Work instructions: Without any pictures, print the lines below from the one that has "I thought it'd" through the one that has "因为意料之外的情况,我们需要", exactly and nothing else.

Dataset records below:

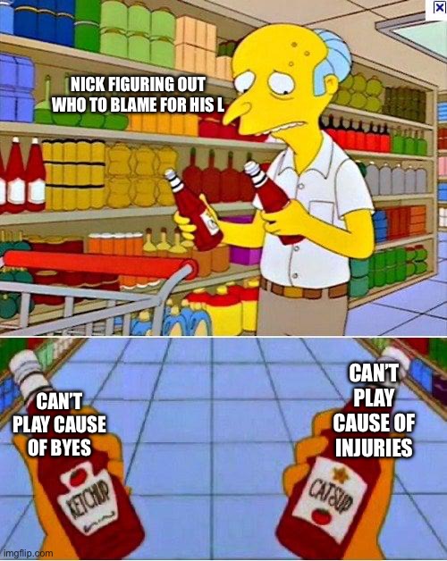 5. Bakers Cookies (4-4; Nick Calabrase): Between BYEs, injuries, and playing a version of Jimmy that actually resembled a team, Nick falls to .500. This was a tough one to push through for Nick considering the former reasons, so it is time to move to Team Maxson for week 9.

End of Dataset records.
Dataset records below:

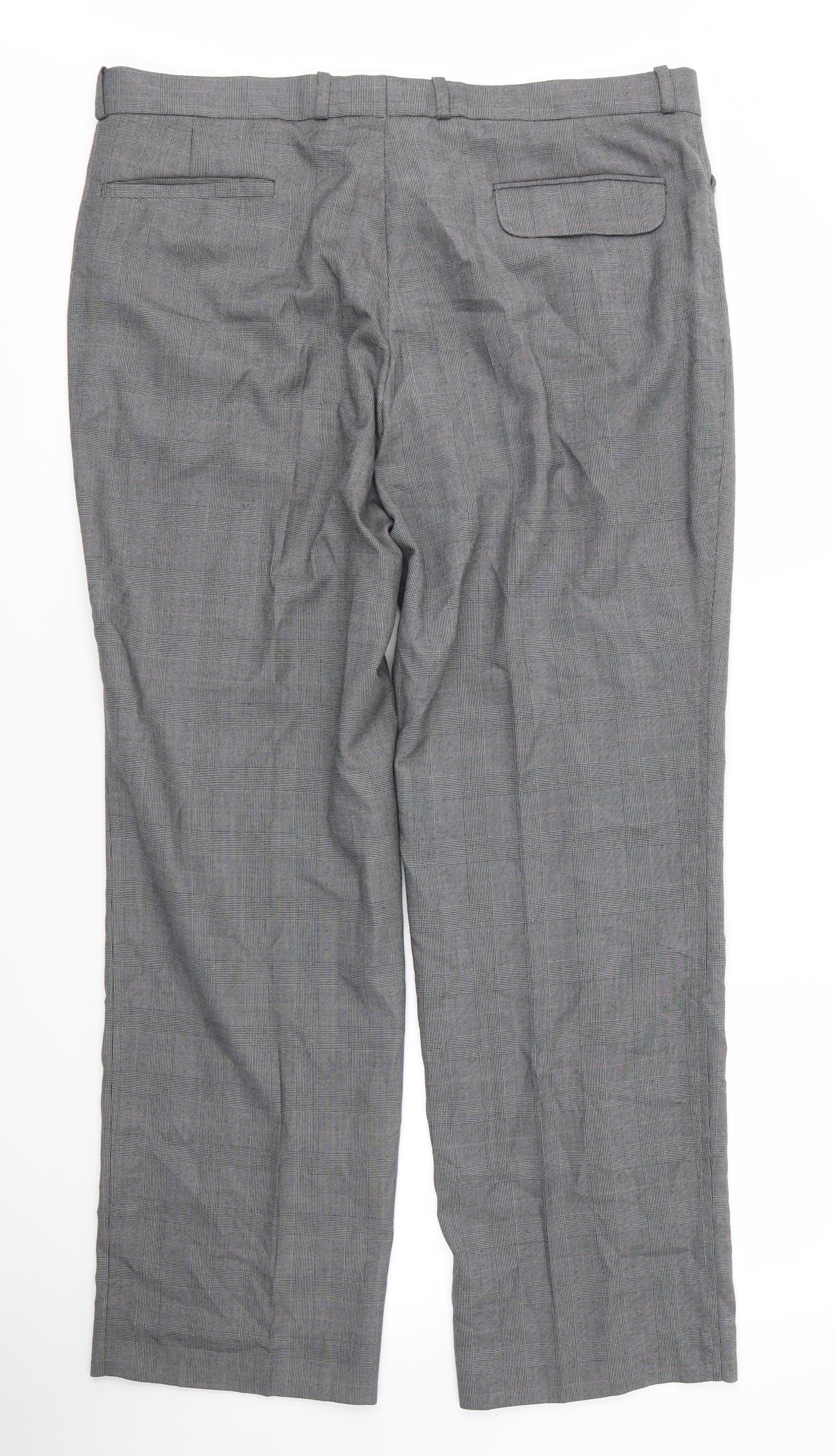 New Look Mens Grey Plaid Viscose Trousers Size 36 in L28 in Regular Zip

End of Dataset records.
Dataset records below:

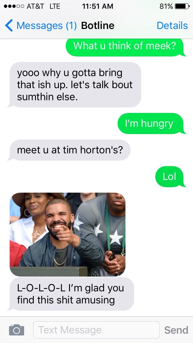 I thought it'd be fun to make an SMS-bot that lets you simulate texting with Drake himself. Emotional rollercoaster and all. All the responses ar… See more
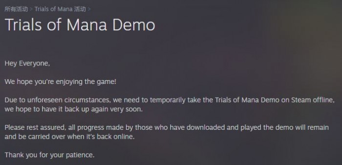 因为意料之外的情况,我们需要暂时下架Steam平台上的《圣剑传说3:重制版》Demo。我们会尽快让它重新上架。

End of Dataset records.

Task response:
 I thought it'd be fun to make an SMS-bot that lets you simulate texting with Drake himself. Emotional rollercoaster and all. All the responses ar… See more
 因为意料之外的情况,我们需要暂时下架Steam平台上的《圣剑传说3:重制版》Demo。我们会尽快让它重新上架。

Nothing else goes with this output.